Listed entries Start Marker

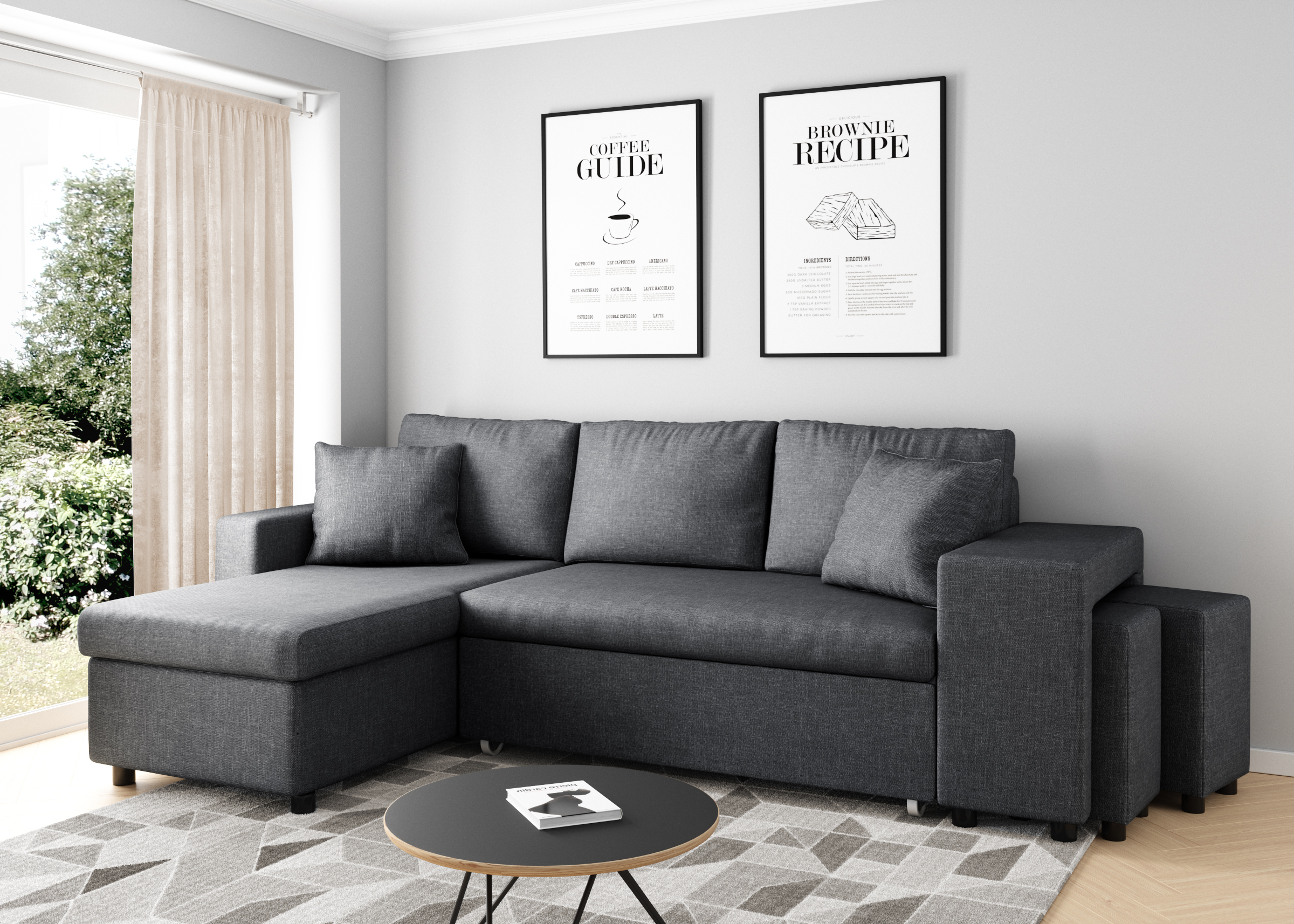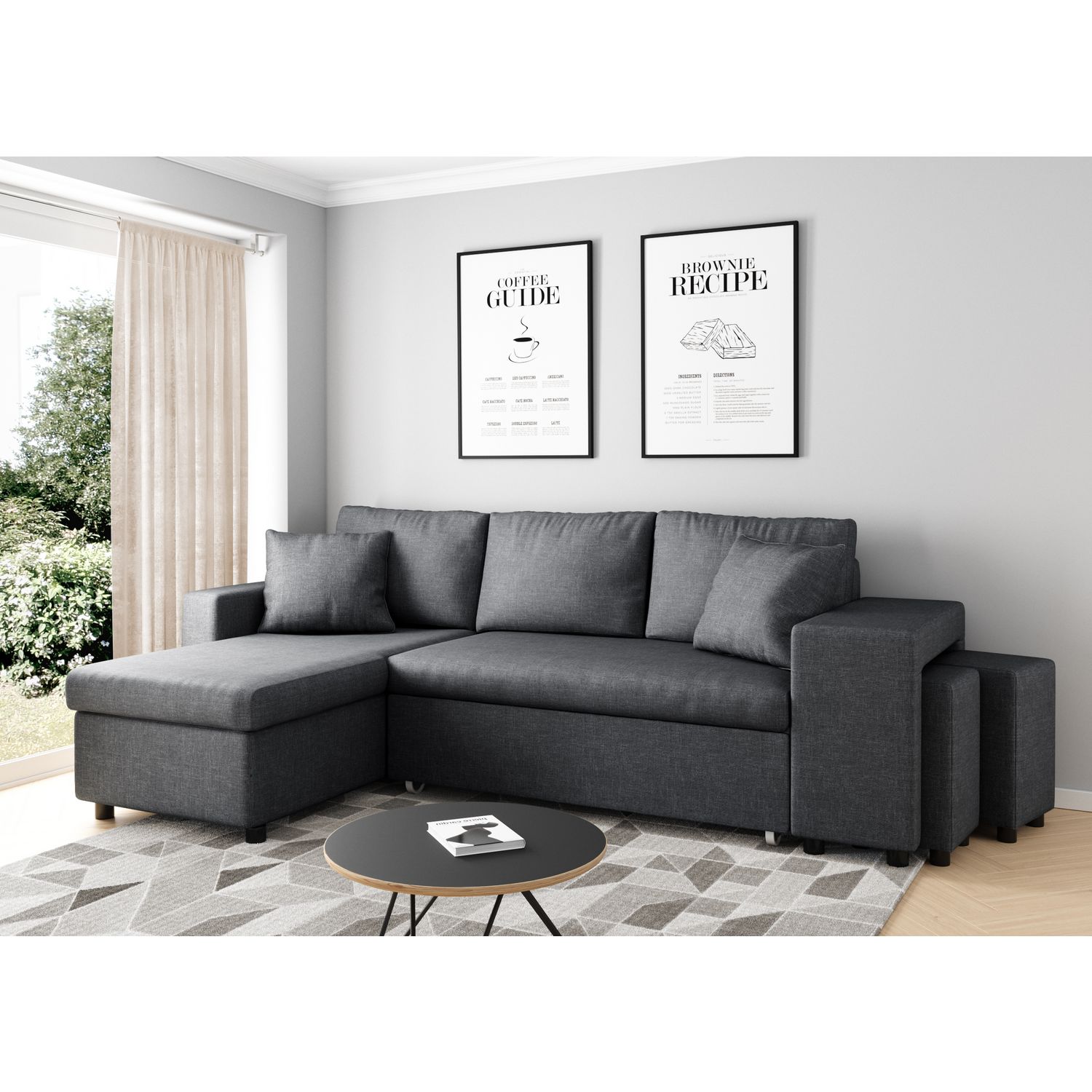 Canapé 3 places d'angle Gauche convertible avec coffre Tissu gris foncé+ 2 poufs inclus ANETTA
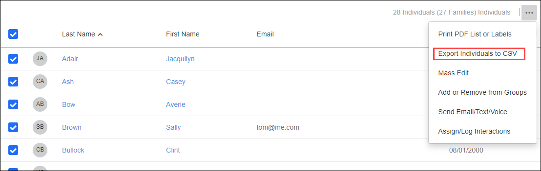 Anywhere you see a list of people, look for the Three-Dot Actions icon at the top right. Click, expand, and select "Export Individuals to CSV."
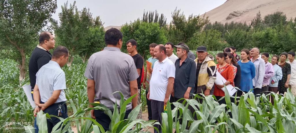 8月3日,洛浦縣科技志愿者在阿其克鄉(xiāng)央塔克勒克村,組織村民開展玉米田間病蟲害防治和施肥管理培訓(xùn)。活動(dòng)中,科技志愿者如則托合提重點(diǎn)圍繞玉米的品種選擇、播種時(shí)期、播種密度、栽培方式、合理施肥、雜草防除、病蟲害綠色防控和收獲等關(guān)鍵環(huán)節(jié)進(jìn)行講解,并逐一解答種植戶在生產(chǎn)中遇到的技術(shù)難題。
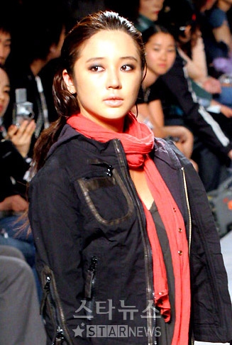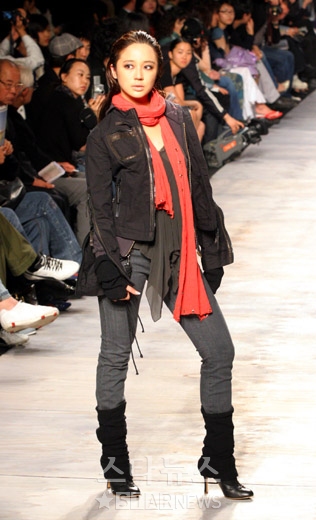 ユン・ウネが24日午後11時30分、ソウル大峙洞のソウル貿易展示場(SETEC)にて開催された「秋冬ソウルコレクション」でデザイナー、コシノミチコのファッションショーにモデルとして参加。ステージの上でポーズをとっている。
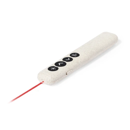 Elegante puntero láser de clase 2 con conexión USB fabricado en caña de trigo. Especialmente diseñado para presentaciones PowerPoint y Keynote, incorpora pulsador de activación lateral, con botones de avance, pausa y retroceso. Con cuerpo especialmente diseñado para marcaje en tampografía. Alimentación a pilas: 1xAAA incluida. Presentado en caja de diseño kraft, con manual de instrucciones en español e inglés.La caña de trigo fomenta la utilización de materias primas naturales, reduciendo así las emisiones contaminantes.
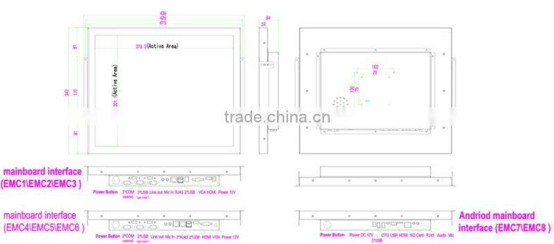 | Touch Monitor Dimensions | 415 x 343 x 54 mm | |
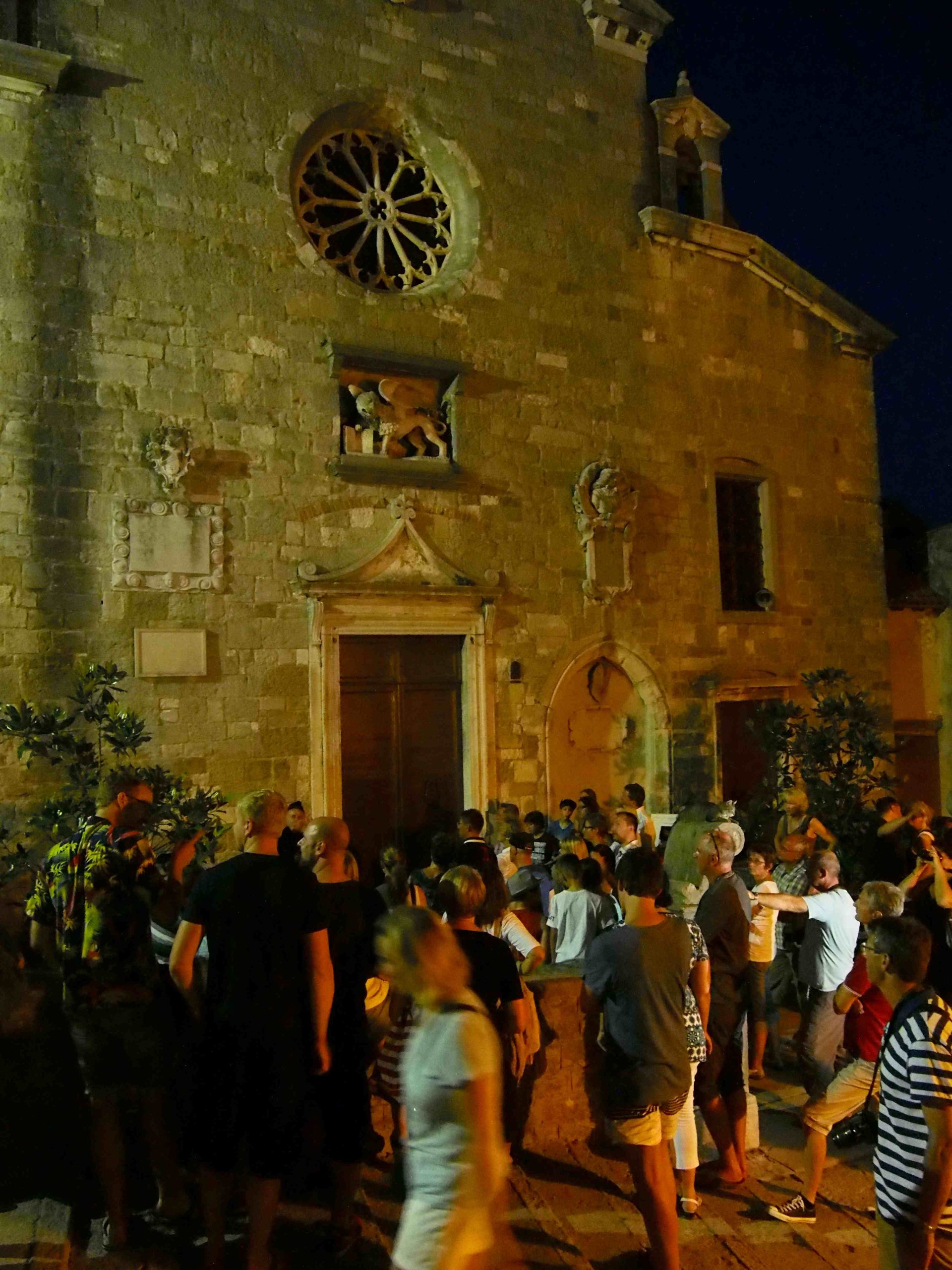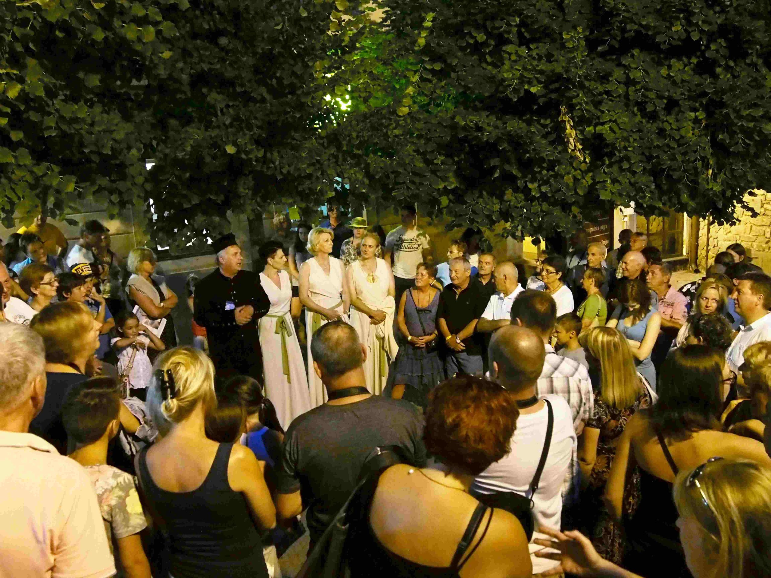 Nešto ranije, stari Labin odisao je posebnom večernjom čarolijom. Uličice obasjane svjetlima bile su kulisa za priče o gradskim legendama, uskocima, Matiji Vlačiću Iliriku, rudarskoj pobuni i plemićkom životu – sve ispričano iz prve ruke vodiča koji za tu priliku preuzimaju uloge likova iz prošlosti. Povijest nikad nije bila bliža i življa nego pod ljetnim nebom, uz šapat kamenih zidina i miris borova.
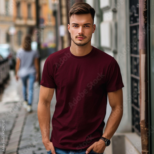 concept, style, business, shirt, fashion, guy, isolated, looking, person, work, men at work, smile, healthy, happiness, delicious, cheerful, epicure, freshness, design, bright, job, 1, single, service, showing, caucasian, positivity, latin, eastern, attractive, beard, photogenic, boy, gesture, modern, portrait, people, elegance, t-shirt, colours, happy, background, adult, male, young, man, maroon, ai
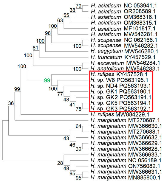 Results of phylogenetic analysis of fragments of the sequenced mtDNA and other Hyalomma species. The consensus of the sequenced mtDNA fragments was constructed, followed by BLAST analyses, which allowed for the retrieval of sequences from GenBank showing 100% coverage to the sequences from Hyalomma isolates GK_1, GK_2, GK_3, ND_4, GK_5, and W6. The sequences were analyzed using the Neighbor-Joining method, with 1000 bootstrap replicates. The resulting Bootstrap Consensus Tree is shown. Numbers at the nodes represent bootstrap support values, indicating the percentage of replicates in which a given clade was recovered. The value 99 (green) strongly indicates that GK1, GK2, GK3, ND4, GK5, W6, and H. rufipes all belong to the same clade (red frame).
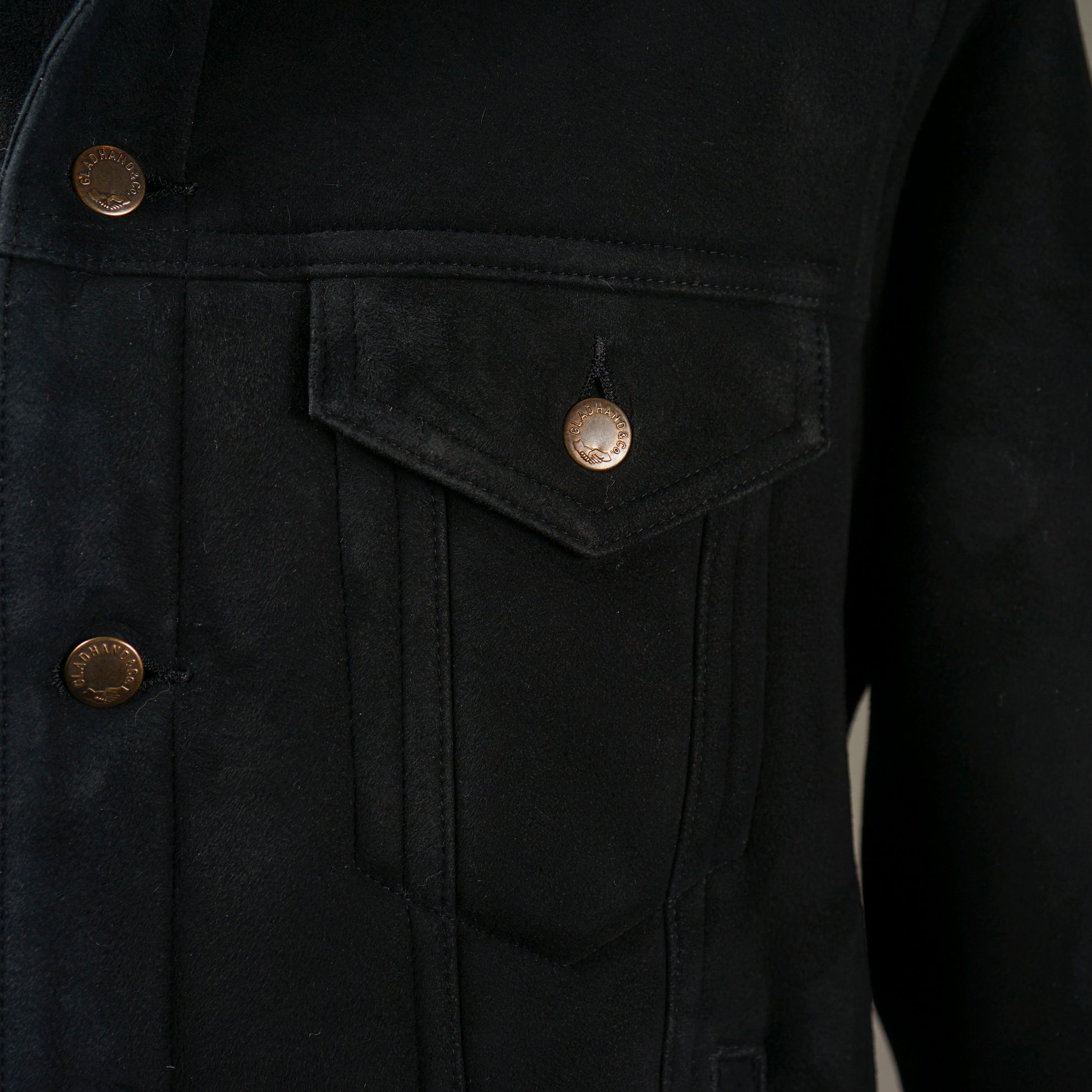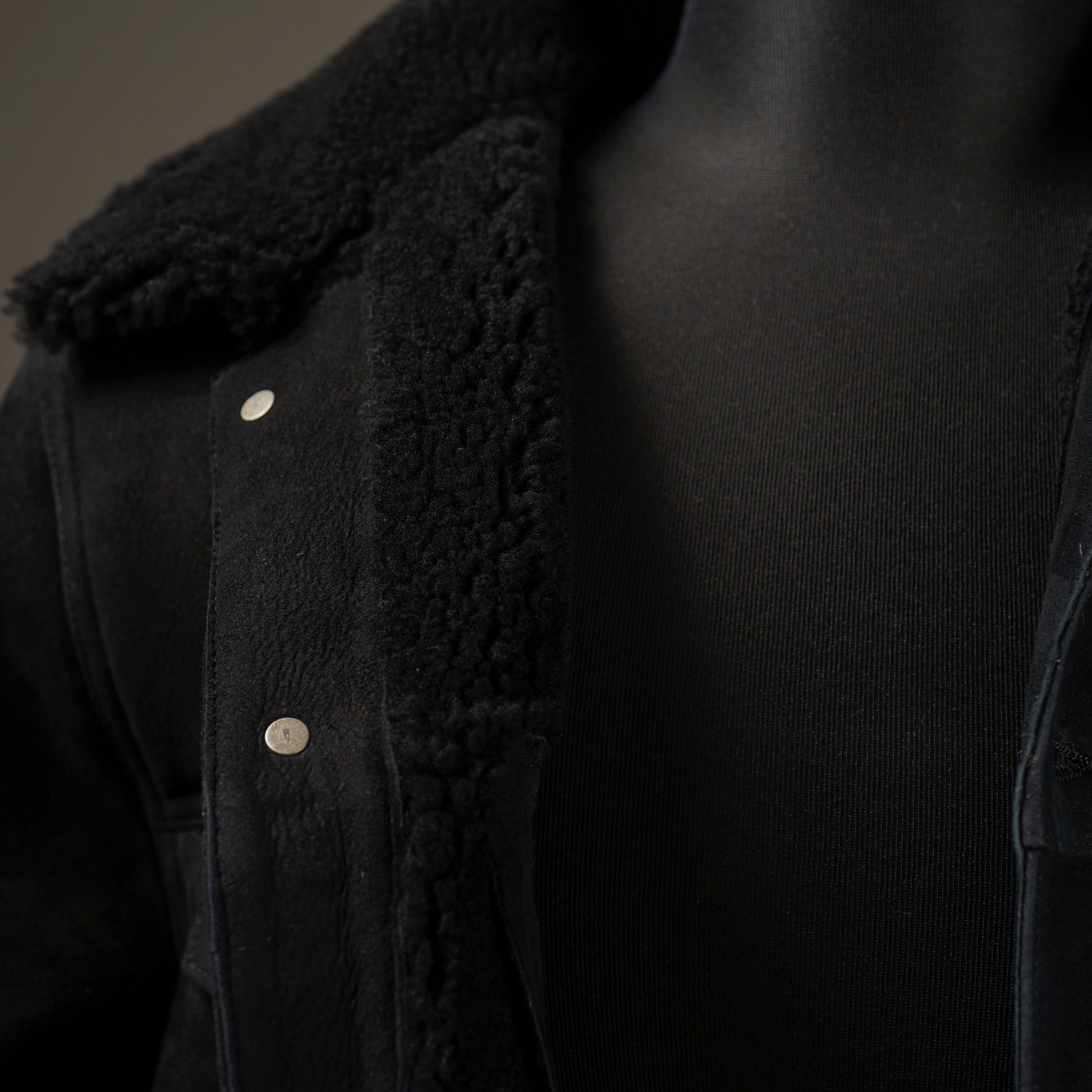 時代に左右されないスタイルのトラッカージャケットをベースに、贅沢にムートンで製作したジャケット。

Listed entries End Marker

# [Task prompt]
Reprint all the data above verbatim, excluding pictures.

# [Task solution]
 Canapé 3 places d'angle Gauche convertible avec coffre Tissu gris foncé+ 2 poufs inclus ANETTA
 Anywhere you see a list of people, look for the Three-Dot Actions icon at the top right. Click, expand, and select "Export Individuals to CSV."
 8月3日,洛浦縣科技志愿者在阿其克鄉(xiāng)央塔克勒克村,組織村民開展玉米田間病蟲害防治和施肥管理培訓(xùn)。活動(dòng)中,科技志愿者如則托合提重點(diǎn)圍繞玉米的品種選擇、播種時(shí)期、播種密度、栽培方式、合理施肥、雜草防除、病蟲害綠色防控和收獲等關(guān)鍵環(huán)節(jié)進(jìn)行講解,并逐一解答種植戶在生產(chǎn)中遇到的技術(shù)難題。
 ユン・ウネが24日午後11時30分、ソウル大峙洞のソウル貿易展示場(SETEC)にて開催された「秋冬ソウルコレクション」でデザイナー、コシノミチコのファッションショーにモデルとして参加。ステージの上でポーズをとっている。
 Elegante puntero láser de clase 2 con conexión USB fabricado en caña de trigo. Especialmente diseñado para presentaciones PowerPoint y Keynote, incorpora pulsador de activación lateral, con botones de avance, pausa y retroceso. Con cuerpo especialmente diseñado para marcaje en tampografía. Alimentación a pilas: 1xAAA incluida. Presentado en caja de diseño kraft, con manual de instrucciones en español e inglés.La caña de trigo fomenta la utilización de materias primas naturales, reduciendo así las emisiones contaminantes.
 | Touch Monitor Dimensions | 415 x 343 x 54 mm | |
 Nešto ranije, stari Labin odisao je posebnom večernjom čarolijom. Uličice obasjane svjetlima bile su kulisa za priče o gradskim legendama, uskocima, Matiji Vlačiću Iliriku, rudarskoj pobuni i plemićkom životu – sve ispričano iz prve ruke vodiča koji za tu priliku preuzimaju uloge likova iz prošlosti. Povijest nikad nije bila bliža i življa nego pod ljetnim nebom, uz šapat kamenih zidina i miris borova.
 concept, style, business, shirt, fashion, guy, isolated, looking, person, work, men at work, smile, healthy, happiness, delicious, cheerful, epicure, freshness, design, bright, job, 1, single, service, showing, caucasian, positivity, latin, eastern, attractive, beard, photogenic, boy, gesture, modern, portrait, people, elegance, t-shirt, colours, happy, background, adult, male, young, man, maroon, ai
 Results of phylogenetic analysis of fragments of the sequenced mtDNA and other Hyalomma species. The consensus of the sequenced mtDNA fragments was constructed, followed by BLAST analyses, which allowed for the retrieval of sequences from GenBank showing 100% coverage to the sequences from Hyalomma isolates GK_1, GK_2, GK_3, ND_4, GK_5, and W6. The sequences were analyzed using the Neighbor-Joining method, with 1000 bootstrap replicates. The resulting Bootstrap Consensus Tree is shown. Numbers at the nodes represent bootstrap support values, indicating the percentage of replicates in which a given clade was recovered. The value 99 (green) strongly indicates that GK1, GK2, GK3, ND4, GK5, W6, and H. rufipes all belong to the same clade (red frame).
 時代に左右されないスタイルのトラッカージャケットをベースに、贅沢にムートンで製作したジャケット。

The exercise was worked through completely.